Join tables are often used to implement many-to-many relationships between tables. Join queries are not directly supported in PowerSync Sync Rules, and require some workarounds depending on the use case. This guide contains some recommended strategies.

Example

As an example, consider a social media application. The app has message boards. Each user can subscribe to boards, make posts, and comment on posts. Posts may also have one or more topics.

Many-to-many: Bucket parameters

For this app, we generally want to sync all posts in boards that users have subscribed to. To simplify these examples, we assume a user has to be subscribed to a board to post.

Boards make a nice grouping of data for Sync Rules: We sync the boards that a user has subscribed to, and the same board data is synced to all users subscribed to that board.

The relationship between users and boards is a many-to-many, specified via the board_subscriptions table.

To start with, in our PowerSync Sync Rules, we define a bucket and sync the posts. The parameter query is defined using the board_subscriptions table:

  board_data:
    parameters: select board_id from board_subscriptions where user_id = request.user_id()
    data:
      - select * from posts where board_id = bucket.board_id

Avoiding joins in data queries: Denormalize relationships (comments)

Next, we also want to sync comments for those boards. There is a one-to-many relationship between boards and comments, via the posts table. This means conceptually we can add comments to the same board bucket. With general SQL, the query could be:

SELECT comments.* FROM comments
JOIN posts ON posts.id = comments.post_id
WHERE board_id = bucket.board_id

Unfortunately, joins are not supported in PowerSync’s Sync Rules. Instead, we denormalize the data to add a direct foreign key relationship between comments and boards: (Postgres example)

ALTER TABLE comments ADD COLUMN board_id uuid;
ALTER TABLE comments ADD CONSTRAINT comments_board_id_fkey FOREIGN KEY (board_id) REFERENCES boards (id);

Now we can add it to the bucket definition in our Sync Rules:

  board_data:
    parameters: select board_id from board_subscriptions where user_id = request.user_id()
    data:
      - select * from posts where board_id = bucket.board_id
      # Add comments:
      - select * from comments where board_id = bucket.board_id

Now we want to sync topics of posts. In this case we added board_id from the start, so post_topics is simple in our Sync Rules:

  board_data:
    parameters: select board_id from board_subscriptions where user_id = request.user_id()
    data:
      - select * from posts where board_id = bucket.board_id
      - select * from comments where board_id = bucket.board_id
      # Add post_topics:
      - select * from post_topics where board_id = bucket.board_id

Many-to-many strategy: Sync everything (topics)

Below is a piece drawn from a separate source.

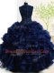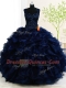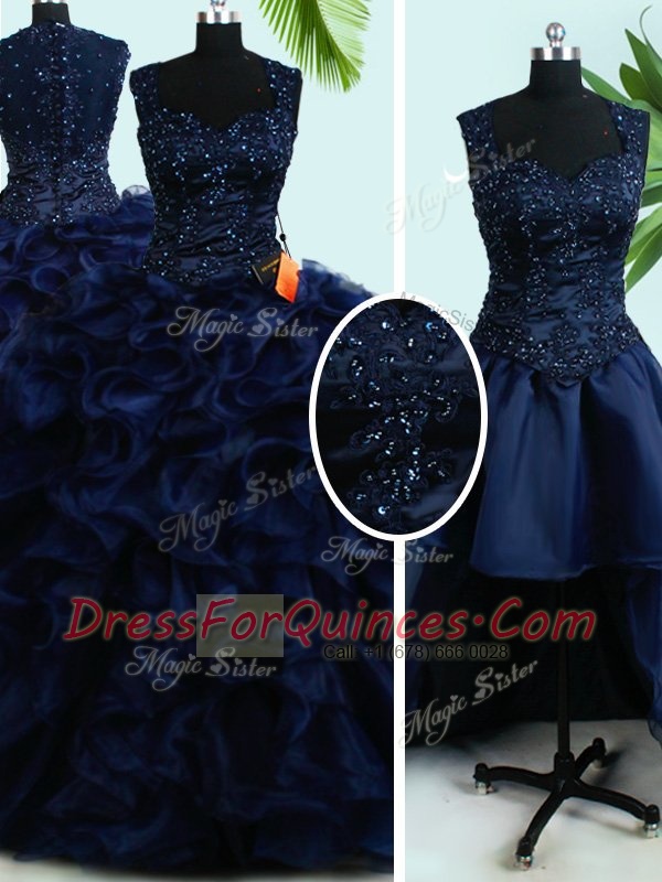 Four Piece Straps Sleeveless Organza Floor Length Zipper Vestidos de Quinceanera in Navy Blue with Beading and Ruffles
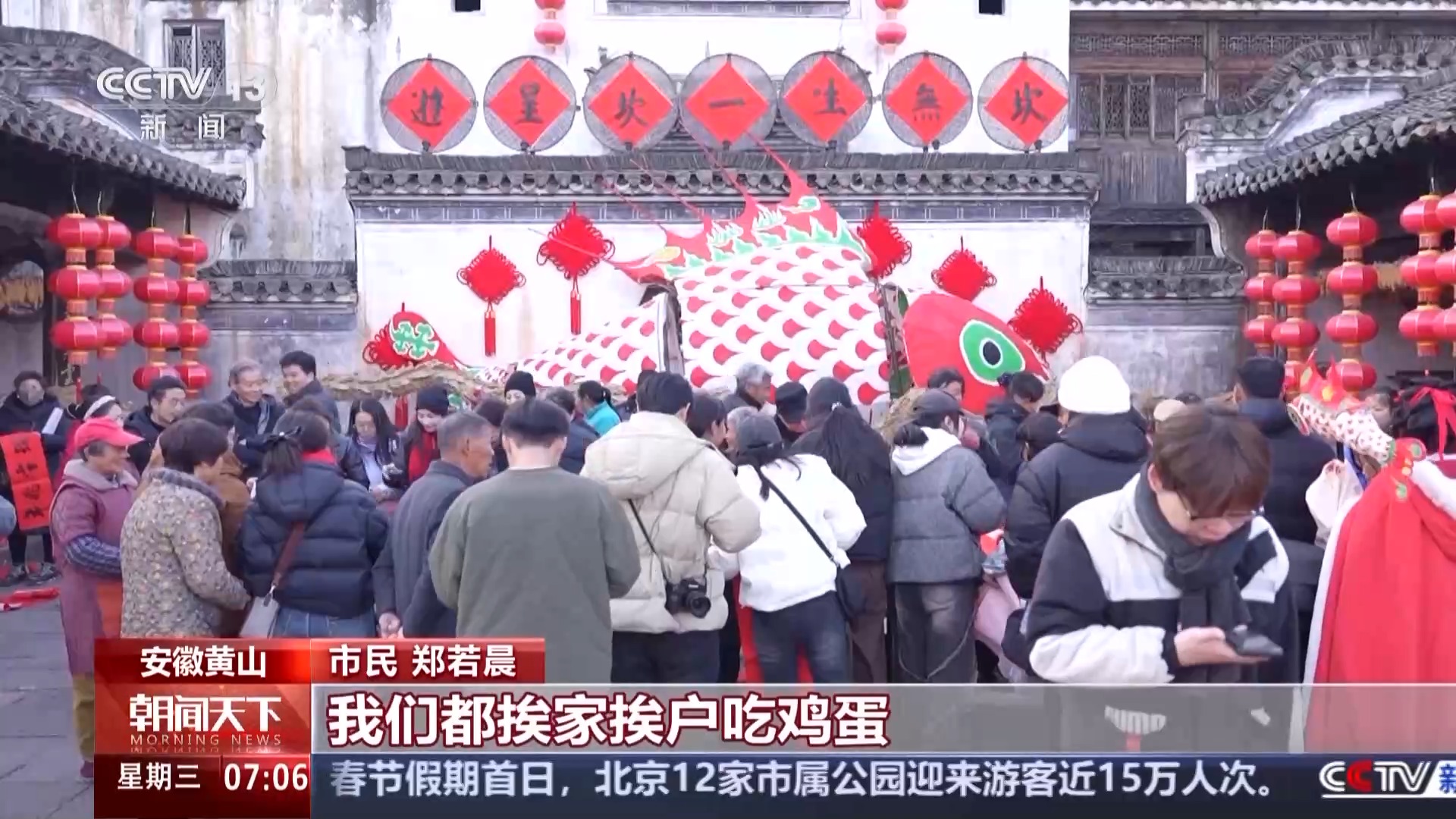 安徽黃山市民 鄭若晨:每年過年的時候,我們都挨家挨戶吃雞蛋。以前經(jīng)濟沒有這么發(fā)達的時候,雞蛋就是一個比較好的東西,拿出來招待客人。我們徽州人還是蠻延續(xù)傳統(tǒng)的春節(jié)習俗的。

Now we need access to sync the topics for all posts synced to the device. There is a many-to-many relationship between posts and topics, and by extension boards to topics. This means there is no simple direct way to partition topics into buckets — the same topics be used on any number of boards.

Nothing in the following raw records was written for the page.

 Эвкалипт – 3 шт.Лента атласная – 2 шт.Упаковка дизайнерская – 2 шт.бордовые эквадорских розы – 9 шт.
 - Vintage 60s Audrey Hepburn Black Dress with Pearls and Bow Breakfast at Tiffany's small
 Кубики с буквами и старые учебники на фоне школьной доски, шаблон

If the topics table is limited in size (say 1,000 or less), the simplest solution is to just sync all topics in our Sync Rules:

  global_topics:
    data:
      - select * from topics where board_id = bucket.board_id

Many-to-many strategy: Denormalize data (topics, user names)

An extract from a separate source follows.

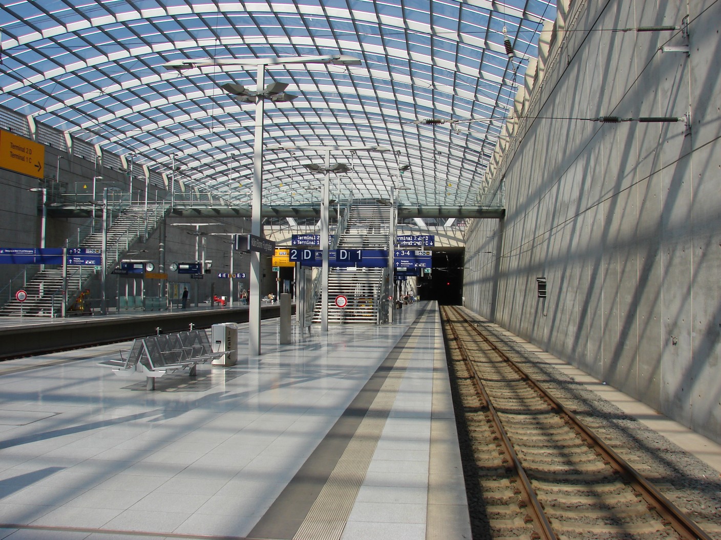 두 탑승동의 10개 주기장에는 탑승교가 설치되어 있고, 나머지 3개는 탑승 계단을 이용한다. 활주로에는 여러 대의 버스 탑승 주기장도 있다. 터미널 1은 유로윙스, 루프트한자, 오스트리아 항공이 주로 이용하며, 대부분의 육상 체크인 시설을 사용한다.[16] 터미널 1은 기차역과 직접 연결되어 있다.
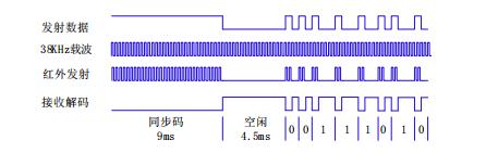 冲的间隔时间是不同的。逻辑“1”的载波脉冲+载波脉冲间隔时间为2.25ms;逻辑“0”的载

If there are many thousands of topics, we may want to avoid syncing everything. One option is to denormalize the data by copying the topic label over to post_topics: (Postgres example)

ALTER TABLE post_topics ADD COLUMN topic_label text not null;

Now we don’t need to sync the topics table itself, as everything is included in post_topics. Assuming the topic label never or rarely changes, this could be a good solution.

Next up, we want to sync the relevant user profiles, so we can show it together with comments and posts. For simplicity, we sync profiles for all users subscribed to a board.

One option is to add the author name to each board subscription, similar to what we’ve done for topics: (Postgres example)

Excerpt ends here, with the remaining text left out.